Emily Wilcox: “Moonwalking in Beijing: Michael Jackson, Piliwu, and the Origins of Chinese Hip-Hop”
Tuesday, 3/13 at 6:30pm, East Quad Room 1405
During the latter half of the 1980s, a popular dance craze known as “piliwu” 霹雳舞 swept urban communities across China. Incorporating two new styles of U.S. urban popular dance – New York-based b-boying/b-girling or “breaking” and California-based popping and locking– piliwu was China’s first localized movement of hip-hop culture, which reflected new circuits of intercultural exchange between China and the United States during the first decade of China’s Reform Era. Analyzing the dance choreography recorded in a 1988 Chinese film, Rock Youth 摇滚青年 (dir. Tian Zhangzhuang), together with media reports and testimonials from members of China’s piliwu generation, this talk reconstructs the history of the piliwu movement, arguing for the central influence of U.S. pop culture icon Michael Jackson, the growth of China’s underground commercial dance (zou xue 走穴) economy, and the agency of dancers’ bodies in transnational movements of media culture.

Kelly Askew: “Postsocialist Poetics: Articulations of Populist Politics in Tanzania”
Tuesday, 2/20 at 6:30pm, East Quad Room 1405
Professor Askew presents the research findings for her current book project, exploring how Tanzanians and Zanzibaris musically and poetically respond to the changes that have taken place since the unraveling of socialism in the mid-1980s. With a focus on popularly produced poetry in Swahili-language newspapers or performed as Swahili rap, this talk explores how ordinary citizens interpret, enact and react to the fusing of socialist and neoliberal practices and ideologies in the United Republic of Tanzania.

Damani Partridge: “Four Years of Filming the Future: Berlin and Detroit”

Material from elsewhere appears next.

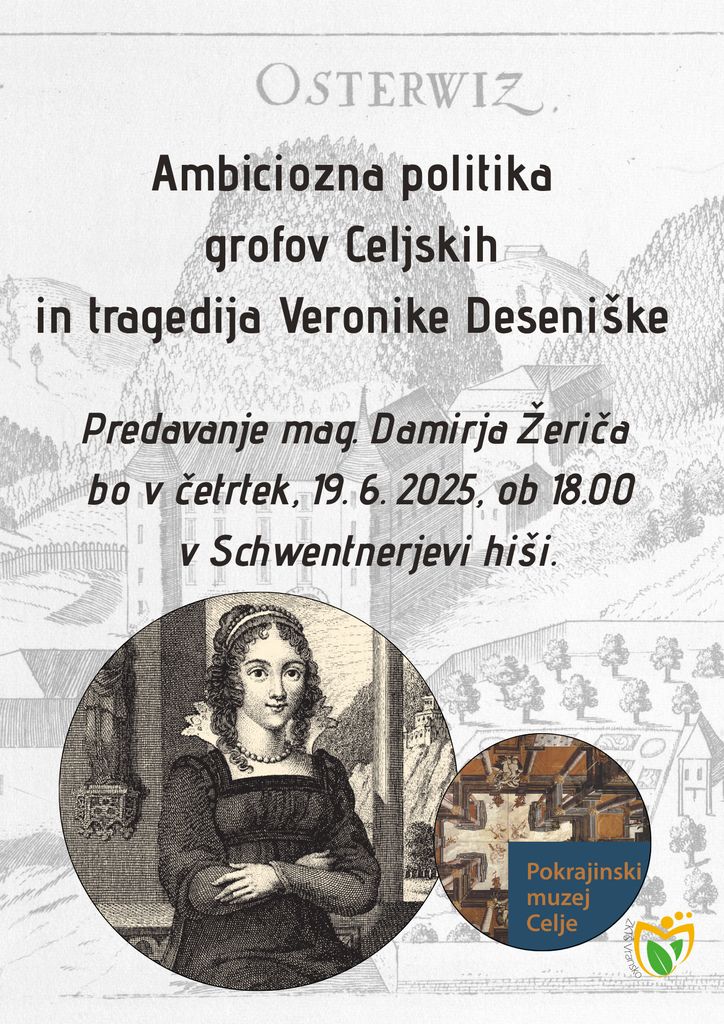 V Schwentnerjevi hiši smo v četrtek, 19. junija, prisluhnili zanimivemu predavanju mag. Damirja Žeriča o Ambiciozni politiki grofov Celjskih in tragediji Veronike Deseniške. Predavanje je bilo organizirano kot spremljevalni dogodek k razstavi Spomin Slovenije, kjer so vključene tudi listine grofov Celjskih kot najpomembnejše plemiške družine na Slovenskem.

Tuesday, 1/30 at 6:30pm, East Quad Room 1405
Professor Partridge’s Filming Future Cities project uses film as a critical means to investigate urban futures and engage a broader public, building on his ongoing collaborative film projects in Detroit and Berlin: “Filming the Future of Detroit,’’ and “Filming the Future from Berlin: Noncitizen Perspectives,’’ begun in 2014 (see filmingfuturecities.org). The point of the project is not only to teach refugees, migrants, youth, and noncitizens the skills required for filmmaking, ethnography, and critical analysis of urban landscapes, but also to teach them how to distribute their work to a broader audience and to participate in the planning for and imagination of their city’s future. Using the project’s films as examples, this talk will think through the efficacy of using film as a technique for shaping the future.